Дни бежали… Яшка в поисках денег метался из стороны в сторону. А когда выпал снег и по дорогам завизжали сани, он написал Жаркову письмо. Жарков ответил приглашением и обещанием устроить на работу. Об этом Яшка вчера вечером и сообщил Стешке.

Перебирая все это, Яшка узкой, ухабистой дорогой пересек поле. В кармане у него лежала расшитая Стешкой сумочка, а за спиной болтался туго набитый пирогами, чулками, бельем, сапогами – холщовый мешок.

У «девяти братьев» – группы дубков на отшибе – Яшка остановился, посмотрел в сторону Широкого, поправил на спине мешок и зашагал дальше.

Сегодня до ночи ему непременно надо уйти за пятнадцать верст от Широкого – в село Кормежку, чтобы переночевать там, а завтра поутру сделать переход в сорок верст и вечером быть на квартире у Жаркова.

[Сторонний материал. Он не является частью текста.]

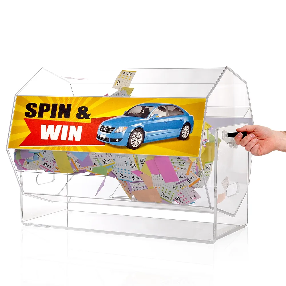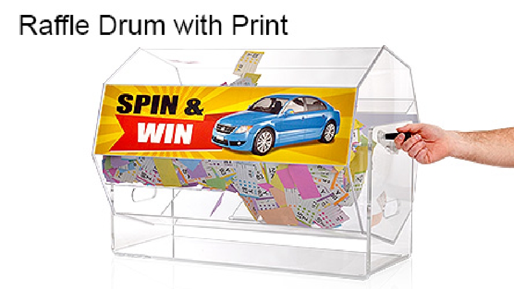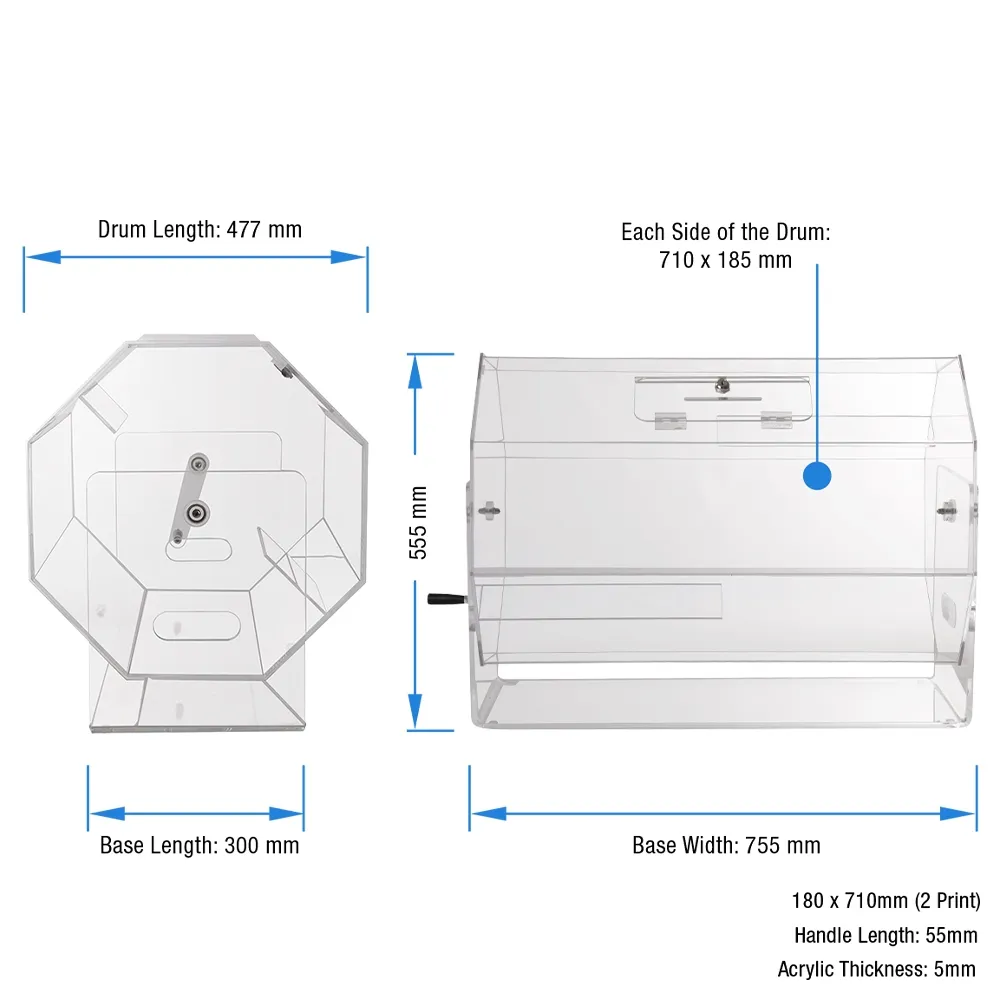 - Large acrylic raffle drum has 477 x 710mm barrel for holding heaps of entry forms

– У него и останавливайся, – поучал Егор Степанович, – тут тебе две выгоды: перво-наперво за квартиру не платить, за еду там; второе – на шее у него будешь висеть: куда ни куда, а стряхнет.

Он Яшку не удерживал. Однако и лошади не дал.

– Мы, – говорил, – бывало, за тыщу верст на Каспий ходили, и то ничего… А это – шестьдесят верст! Да тут те, молодцу, плюнуть раз.

– Черт, – бормотал Яшка, ныряя по ухабам, – Железный…

Он шел, торопился, и, несмотря на жестокий мороз, вскоре ему стало совсем жарко. Он распахнул полушубок и прибавил шагу. Увидав спускающегося с горы на санях крестьянина, решил нагнать его и попросить подвезти. Ударился бегом. На спине заболтался мешок – сапог каблуком бил в спину. Яшка некоторое время терпел удары, ежился, потом ему стало невыносимо больно. Он остановился и второпях перекинул мешок, перевертывая сапогами кверху, и тут же (Яшка потом и сам этому удивлялся и не раз говорил Стешке) вспомнил про яловочные сапоги Пчелкина.